As a public history professional, with more than 15 years of experience working in the field, including as historian at Colonial Williamsburg, and teaching public history practice (I teach at Johns Hopkins University, but live mainly in East Greenwich), I’m not surprised that the Continentals cannot make a go of the Varnum House as a museum, but strongly disagree with the assumption that it is not a viable site for a vibrant, relevant mechanism to spark history engagement and bring a steady, sustainable audience to East Greenwich. There are two primary flaws here, which both serve to underscore fundamental misunderstandings of how history works with modern audiences — especially when it comes to the history of the American Revolution and Founding era. The first is that, for some reason, the Armoury has the potential for a broader appeal. Quite to the contrary. We know that anything so strictly associated with military history immediately shrinks audience appeal, as it represents both a narrow approach to understanding a past — through its armed conflicts — and the narrow demographics of those who engaged in it. The latest data shows that such institutions are steadily losing visitors as the demographic that generally supports them — 65+, white — also shrinks. There is, in fact, no evidence for growth potential in such sites.

However, a house museum, if more broadly conceived as a campus for audience interaction with a meaningful past, one not so dependant on nebulous outcomes like promoting patriotism, can be a generator of ongoing interest for diverse audiences who want to understand better the complexities of America’s founding and how it relates to them. The Varnum House represents the perfect opportunity for such an approach, which is yielding benefits for newly energized institutions across the country. The key is to focus on engagement and interaction with historical issues that matter, neither of which requires massive financial investments, just the right kind of intellectual commitment.

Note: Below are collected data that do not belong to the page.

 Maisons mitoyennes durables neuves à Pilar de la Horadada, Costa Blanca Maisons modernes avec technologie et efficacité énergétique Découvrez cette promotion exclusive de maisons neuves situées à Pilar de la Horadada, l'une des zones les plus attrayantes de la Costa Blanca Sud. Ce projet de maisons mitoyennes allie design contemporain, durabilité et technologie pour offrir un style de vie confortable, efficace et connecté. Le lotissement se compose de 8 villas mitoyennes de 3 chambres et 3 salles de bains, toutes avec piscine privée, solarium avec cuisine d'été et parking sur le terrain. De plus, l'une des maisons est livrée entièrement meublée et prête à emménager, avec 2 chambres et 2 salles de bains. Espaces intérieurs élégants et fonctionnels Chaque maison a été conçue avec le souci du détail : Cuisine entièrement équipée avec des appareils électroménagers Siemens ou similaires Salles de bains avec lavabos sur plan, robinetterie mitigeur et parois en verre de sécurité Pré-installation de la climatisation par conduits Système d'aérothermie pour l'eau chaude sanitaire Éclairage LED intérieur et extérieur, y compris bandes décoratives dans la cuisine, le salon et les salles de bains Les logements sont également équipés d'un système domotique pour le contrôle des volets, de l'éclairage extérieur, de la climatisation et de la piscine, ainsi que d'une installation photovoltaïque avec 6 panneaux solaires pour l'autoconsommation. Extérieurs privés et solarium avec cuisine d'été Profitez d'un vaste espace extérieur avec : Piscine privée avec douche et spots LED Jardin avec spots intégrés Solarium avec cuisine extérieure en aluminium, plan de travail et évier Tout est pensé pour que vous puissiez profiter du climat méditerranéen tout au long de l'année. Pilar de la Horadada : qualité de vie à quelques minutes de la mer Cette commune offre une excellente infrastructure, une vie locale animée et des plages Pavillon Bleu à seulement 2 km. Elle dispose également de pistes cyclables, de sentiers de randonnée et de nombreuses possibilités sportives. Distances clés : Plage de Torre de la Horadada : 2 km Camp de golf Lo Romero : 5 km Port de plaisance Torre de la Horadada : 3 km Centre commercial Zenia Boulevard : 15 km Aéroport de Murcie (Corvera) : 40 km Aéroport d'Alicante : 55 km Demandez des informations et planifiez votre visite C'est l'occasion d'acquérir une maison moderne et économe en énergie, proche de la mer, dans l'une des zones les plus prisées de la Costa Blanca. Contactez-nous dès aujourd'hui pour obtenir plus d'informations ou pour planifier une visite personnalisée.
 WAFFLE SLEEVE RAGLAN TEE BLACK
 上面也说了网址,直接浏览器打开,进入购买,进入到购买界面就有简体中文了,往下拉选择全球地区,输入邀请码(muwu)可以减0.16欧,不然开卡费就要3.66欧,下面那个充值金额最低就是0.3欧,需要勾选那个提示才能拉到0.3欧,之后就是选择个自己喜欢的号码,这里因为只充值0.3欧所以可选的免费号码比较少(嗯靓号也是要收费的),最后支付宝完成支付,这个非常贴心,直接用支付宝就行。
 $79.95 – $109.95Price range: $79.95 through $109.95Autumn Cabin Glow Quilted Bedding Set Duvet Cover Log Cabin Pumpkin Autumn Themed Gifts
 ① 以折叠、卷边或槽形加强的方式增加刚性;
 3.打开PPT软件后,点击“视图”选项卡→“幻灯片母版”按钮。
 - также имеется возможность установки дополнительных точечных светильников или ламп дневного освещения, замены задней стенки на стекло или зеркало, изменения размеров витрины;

That said, a sale of the Varnum House, or at least its transfer to a group with the vision and vigor to see its massive potential, rather than the narrow, ultimately unworkable scope of the Continentals, would serve both that organization and the community at large.

Donald Tunnicliff Rice
Donald Tunnicliff Rice
October 29, 2023 10:59 am
Reply to  Tad Stoermer

I’m a great admirer of what Patrick Donovan has accomplished with the Varnum Armory; however, like most people I’d hate to see the Varnum House turned into a B&B–or worse–simply because Patrick and the Varnum Continentals haven’t the interest or capability to maintain both properties. So, yes, the Varnum Continentals should indeed divest themselves of the Varnum House, but not as a money-making venture.

Fortunately, there are existing organizations that might be interested in coming to the rescue: Historic New England, The National Trust for Historic Preservation, and even the National Park Service. I admittedly know nothing about how these organizations acquire properties. Do they pay? Or do they have to be paid? Whatever the case, the guiding principal should be to preserve the historically important Varnum House for future generations, not to raise money for an endowment for the Varnum Armory. That’s a separate issue, and should have nothing to do with the property on Peirce Street.

Judy Stenberg
Judy Stenberg
October 25, 2023 9:09 am

I am not an East Greenwich “native”, but I have lived here for 60+ years, and have much appreciation for historic value of the many buildings here in town. I believe that the Varnum House should be protected in every possible manner.

Amanda Galmiche
Amanda Galmiche
October 25, 2023 9:46 am

It seems like everyone involved is working toward ensuring the long term preservation of these awesome buildings. I hope they can come to a resolution soon!